**PROBLEM DETAILS**
After locating the line with "人民网上海914日电(记者王" in the entries below, output it and each following line up to and including the line with "Fragen Sie mich", exactly and without pictures.

**GIVEN DATA**

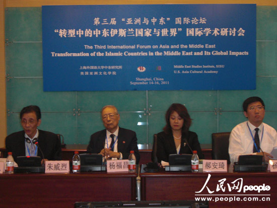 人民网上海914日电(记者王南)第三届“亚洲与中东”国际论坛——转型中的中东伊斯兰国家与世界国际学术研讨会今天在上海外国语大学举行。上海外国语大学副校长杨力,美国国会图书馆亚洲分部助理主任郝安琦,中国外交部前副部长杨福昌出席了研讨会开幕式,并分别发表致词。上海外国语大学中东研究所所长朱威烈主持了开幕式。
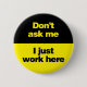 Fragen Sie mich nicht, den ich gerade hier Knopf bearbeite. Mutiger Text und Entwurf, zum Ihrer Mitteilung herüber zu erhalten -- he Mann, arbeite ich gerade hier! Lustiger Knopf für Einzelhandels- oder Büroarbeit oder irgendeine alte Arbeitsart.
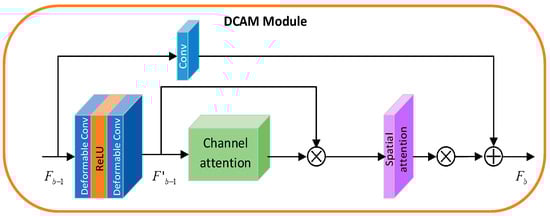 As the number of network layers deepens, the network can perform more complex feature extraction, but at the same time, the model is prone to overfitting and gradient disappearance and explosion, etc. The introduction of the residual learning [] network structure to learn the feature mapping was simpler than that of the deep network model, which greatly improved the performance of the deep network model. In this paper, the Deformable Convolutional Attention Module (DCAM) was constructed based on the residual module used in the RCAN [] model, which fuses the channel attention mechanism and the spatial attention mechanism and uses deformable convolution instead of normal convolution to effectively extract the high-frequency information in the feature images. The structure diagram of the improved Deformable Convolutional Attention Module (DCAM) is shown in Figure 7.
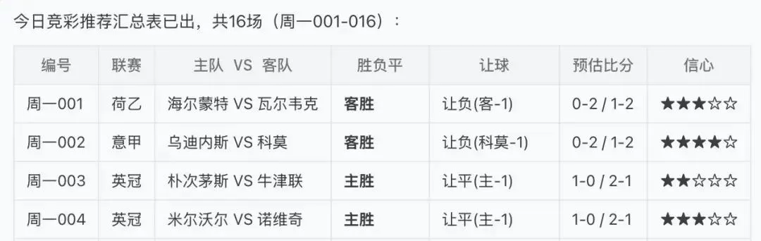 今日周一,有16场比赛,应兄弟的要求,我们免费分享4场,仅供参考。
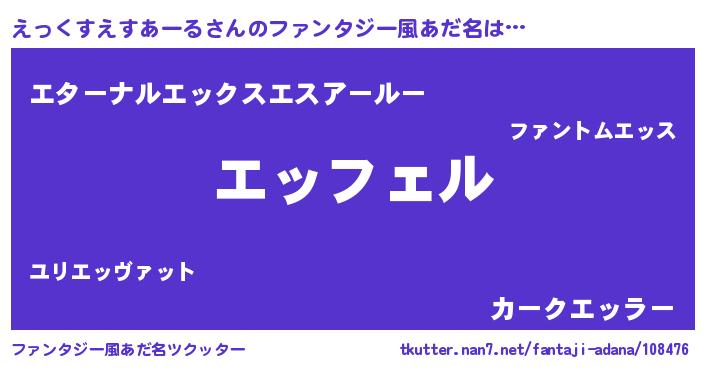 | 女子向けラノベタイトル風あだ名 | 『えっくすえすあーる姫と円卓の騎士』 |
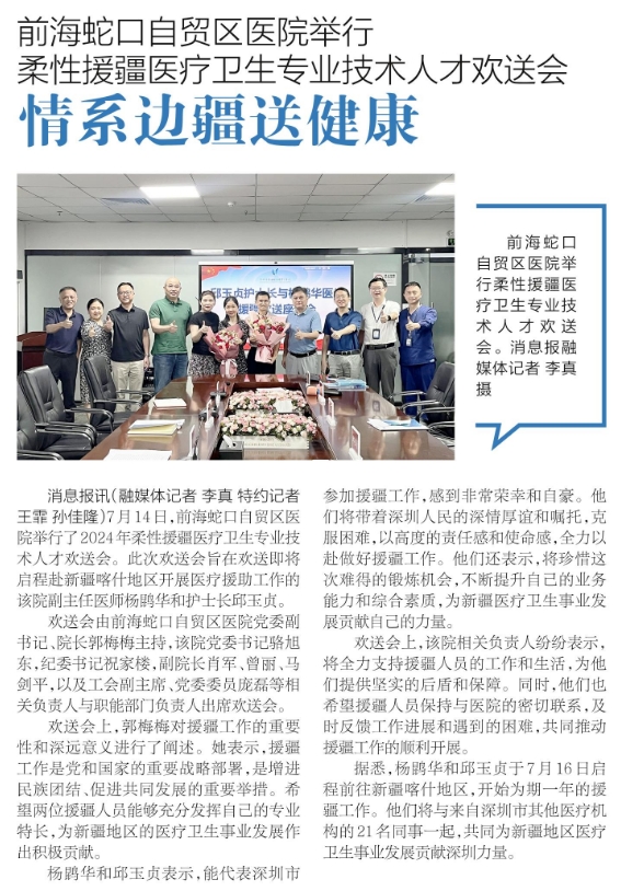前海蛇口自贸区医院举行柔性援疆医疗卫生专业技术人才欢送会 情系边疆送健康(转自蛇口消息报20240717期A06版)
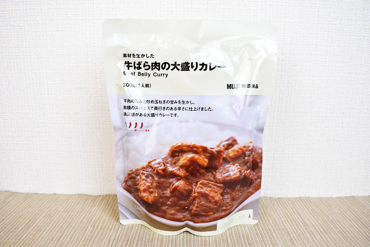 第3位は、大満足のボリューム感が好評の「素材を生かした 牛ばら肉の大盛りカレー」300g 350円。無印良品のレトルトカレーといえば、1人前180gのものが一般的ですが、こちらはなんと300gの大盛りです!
--
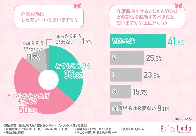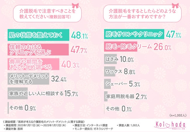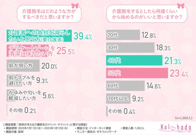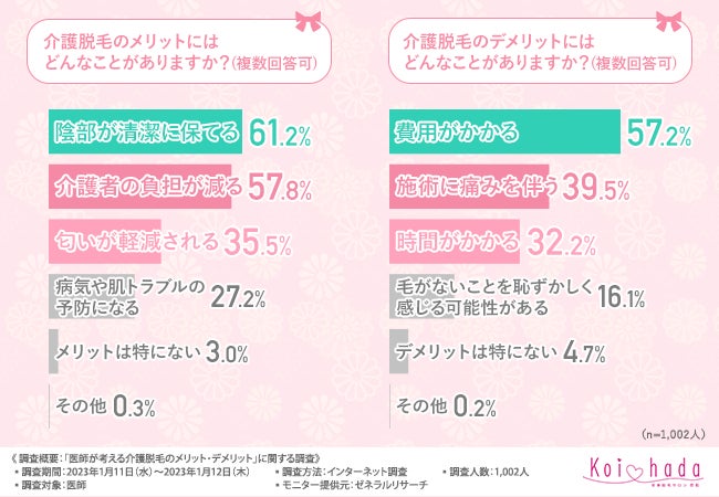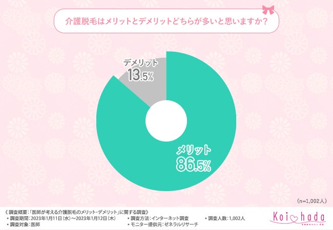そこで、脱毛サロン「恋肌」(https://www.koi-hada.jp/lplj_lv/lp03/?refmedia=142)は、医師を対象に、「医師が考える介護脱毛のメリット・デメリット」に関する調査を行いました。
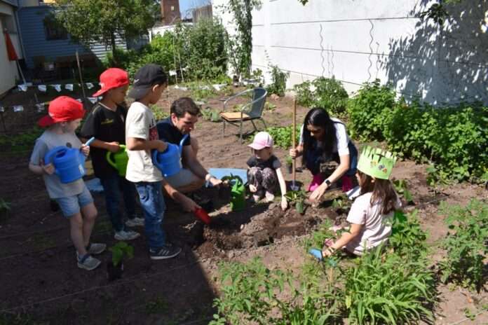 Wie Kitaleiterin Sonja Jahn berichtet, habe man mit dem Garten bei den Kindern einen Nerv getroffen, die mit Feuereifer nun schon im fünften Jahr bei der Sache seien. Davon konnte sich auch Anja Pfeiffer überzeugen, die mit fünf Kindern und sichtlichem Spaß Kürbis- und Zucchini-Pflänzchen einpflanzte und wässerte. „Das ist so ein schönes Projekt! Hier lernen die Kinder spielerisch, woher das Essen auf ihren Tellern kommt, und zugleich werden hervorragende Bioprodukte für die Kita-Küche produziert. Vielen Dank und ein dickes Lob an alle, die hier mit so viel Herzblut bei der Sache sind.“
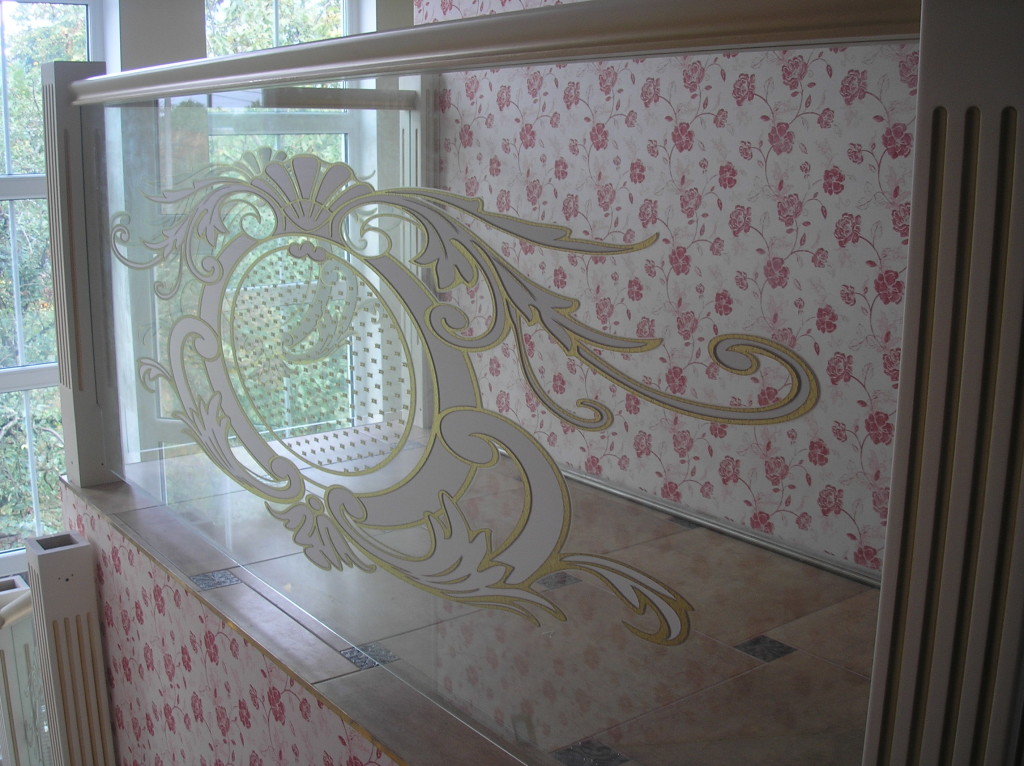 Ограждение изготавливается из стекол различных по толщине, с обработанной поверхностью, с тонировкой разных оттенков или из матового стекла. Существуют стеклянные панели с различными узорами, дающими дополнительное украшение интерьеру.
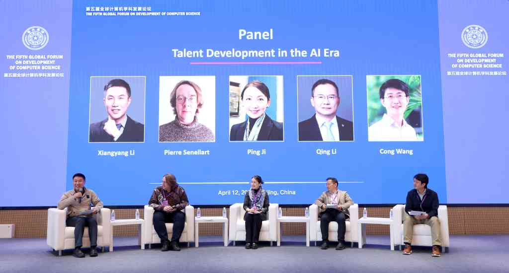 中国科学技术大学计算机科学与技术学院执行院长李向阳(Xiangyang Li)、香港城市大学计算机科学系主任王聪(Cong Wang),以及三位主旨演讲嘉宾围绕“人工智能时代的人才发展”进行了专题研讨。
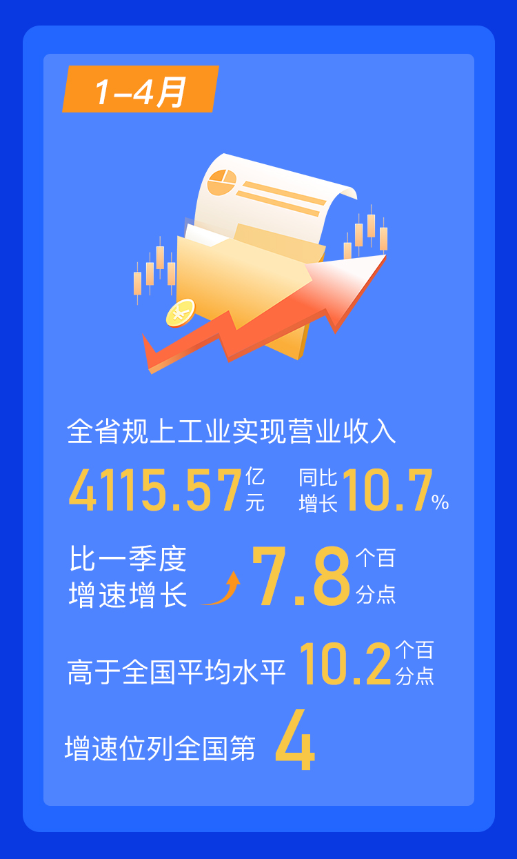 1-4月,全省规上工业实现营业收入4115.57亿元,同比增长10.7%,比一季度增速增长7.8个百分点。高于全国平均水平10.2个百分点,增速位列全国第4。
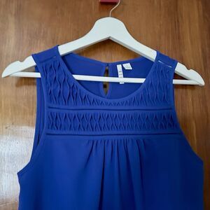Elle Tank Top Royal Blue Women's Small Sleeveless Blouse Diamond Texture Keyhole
...
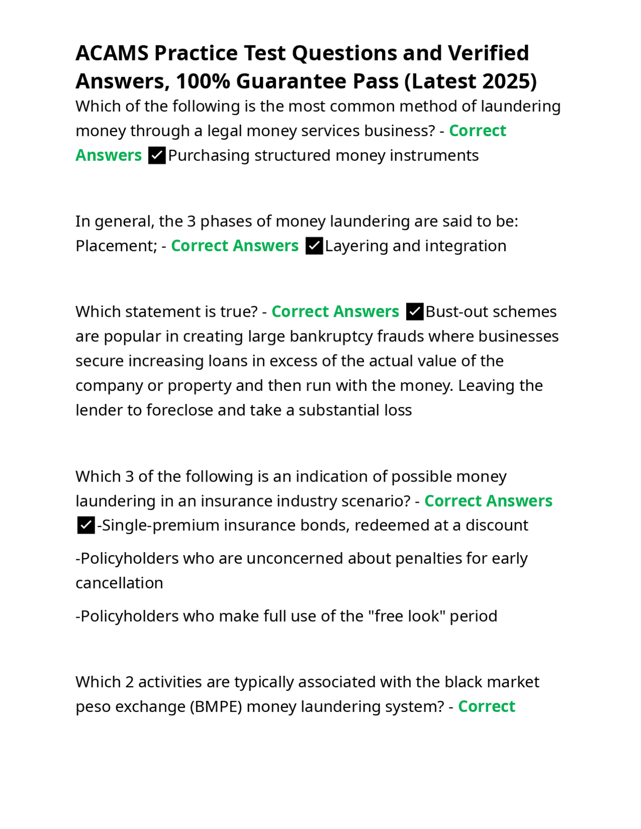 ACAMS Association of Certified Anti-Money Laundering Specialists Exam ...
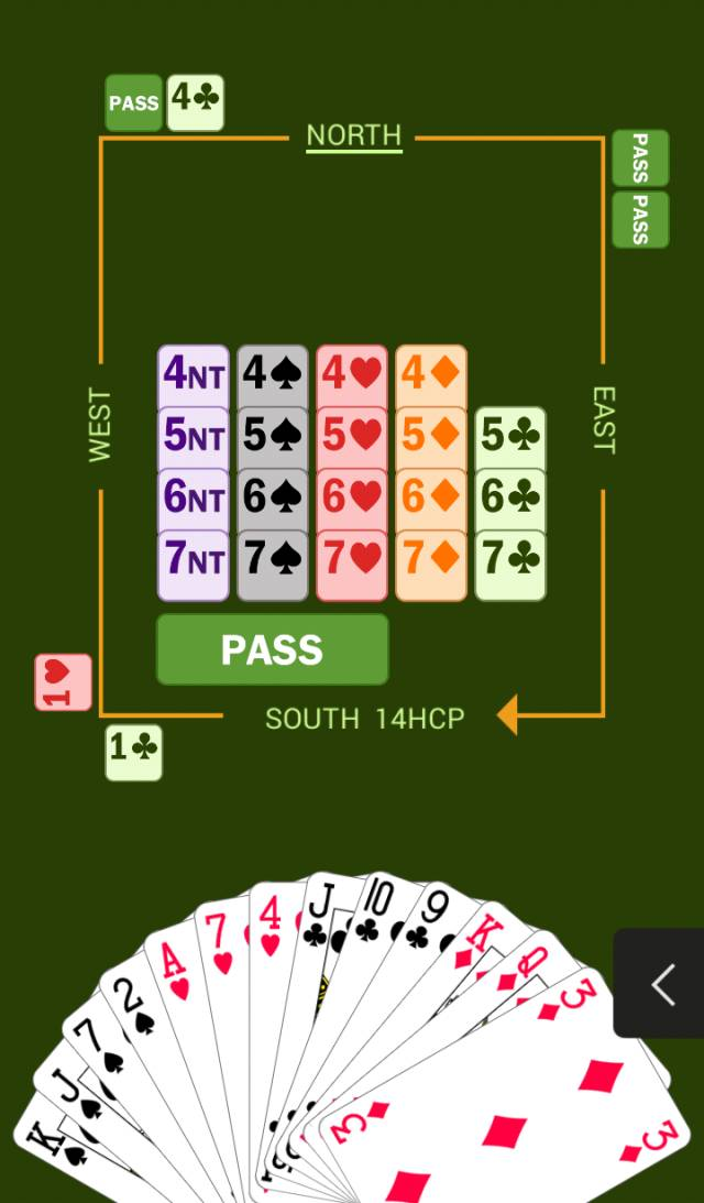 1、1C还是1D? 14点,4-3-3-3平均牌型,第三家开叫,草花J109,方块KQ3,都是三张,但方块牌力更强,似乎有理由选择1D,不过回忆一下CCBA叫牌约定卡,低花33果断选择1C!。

**ANSWER BOX**
 人民网上海914日电(记者王南)第三届“亚洲与中东”国际论坛——转型中的中东伊斯兰国家与世界国际学术研讨会今天在上海外国语大学举行。上海外国语大学副校长杨力,美国国会图书馆亚洲分部助理主任郝安琦,中国外交部前副部长杨福昌出席了研讨会开幕式,并分别发表致词。上海外国语大学中东研究所所长朱威烈主持了开幕式。
 Fragen Sie mich nicht, den ich gerade hier Knopf bearbeite. Mutiger Text und Entwurf, zum Ihrer Mitteilung herüber zu erhalten -- he Mann, arbeite ich gerade hier! Lustiger Knopf für Einzelhandels- oder Büroarbeit oder irgendeine alte Arbeitsart.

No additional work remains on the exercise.